There is no "natural modeling ability" beyond a trivial level, all abilities are learnt and cultivated to get you beyond that trivial "natural talent" level. Take music for example: you might have a natural ability to play piano, good enough to get you some money if you play on the streets, in bars or at the parties, but to really do music with piano you have to go way beyond that and learn to approach the complexities of the music, you can't go beyond that basic level until you put enough effort and enough quality effort. There are really hard problems in programming and their essence is mathematical, there are also yet unsolved problem that you need to know to avoid. As Dijkstra's pointed out in http://www.cs.utexas.edu/users/EWD/ewd04xx/EWD898.PDF all these unmastered complexities, naturally give rise to the search for the Stone and the Elixir, and they make room for the charlatans who try to sell you the elixir (or the stone). Of course when you get the elixir you might feel very good for a while from the placebo effect. Please note the that EWD898 was written almost 20 years ago, but it surely reads like it was writen today.

What may seem like a trivial modeling ability to you and me is far beyond the abilities of most other forms of life on this planet. We are better at some kinds of thinking than others. Imagining the interactions of secretive agents is one of our specialties. This has nothing to do with stones or elixirs.

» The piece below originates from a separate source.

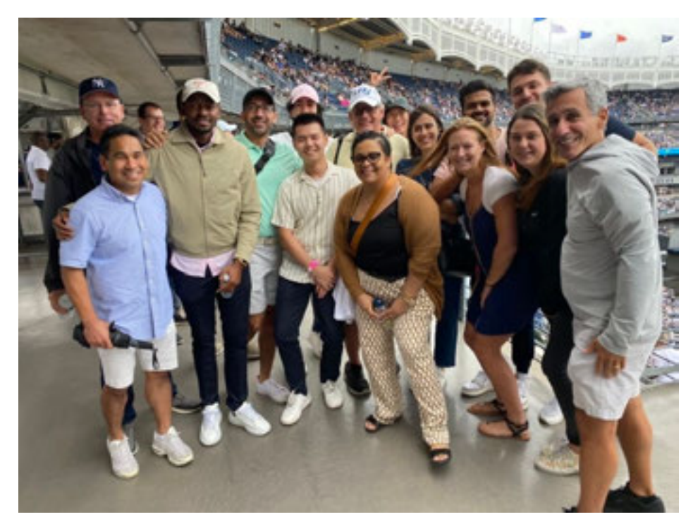
UHY Advisors Northeast

Now all these arguments are not specifically about objects, it applies to VB and SQL as well, even more so. But there's certainly an argument to be made that ObjectOrientation has yet to build that consistent theory going beyond the superficial aspects of program organization, and to show more precisely how that theory simplifies the resolution of the problems we face. The en-masse "feel good" fuzzy warm feeling that we have today and the wishy-washy arguments you read in your average OO literature, those are very suspect of being only the current generation of the elixir.

This isn't something I read in OO literature. It is my own theory based on my experience as a programmer and research into the evolution of human brains. This isn't even a pro-OOP arugment. OOP is a poor fit to human brains in many areas, and we can already see refinements in those areas in new paradigms that build on OOP.

It's a "use the hammer that best fits your hand and use the modeling tool that best fits your brain" argument.


Possible imperical evidence to back "OO is harder to get right":

http://ieeexplore.ieee.org/Xplore/login.jsp?url=/iel3/4921/13575/00624239.pdf?arnumber=624239

Quote:

(I don't favor structured design documents anyhow as the primary non-OO engineering tool. Different documents are needed for different perspectives.)


Much of the difficultly comes because ComputerObjectsAreNotPhysicalObjects?. When you find yourself modeling People, Cars, etc., you're almost certainly on the wrong foot.

OopNotForDomainModeling? Would you consider GUI objects in the camp of "physical object" modeling, or "computer objects"? I'd place them kind of in the middle because GUI's typically model physical control panels and/or physical forms.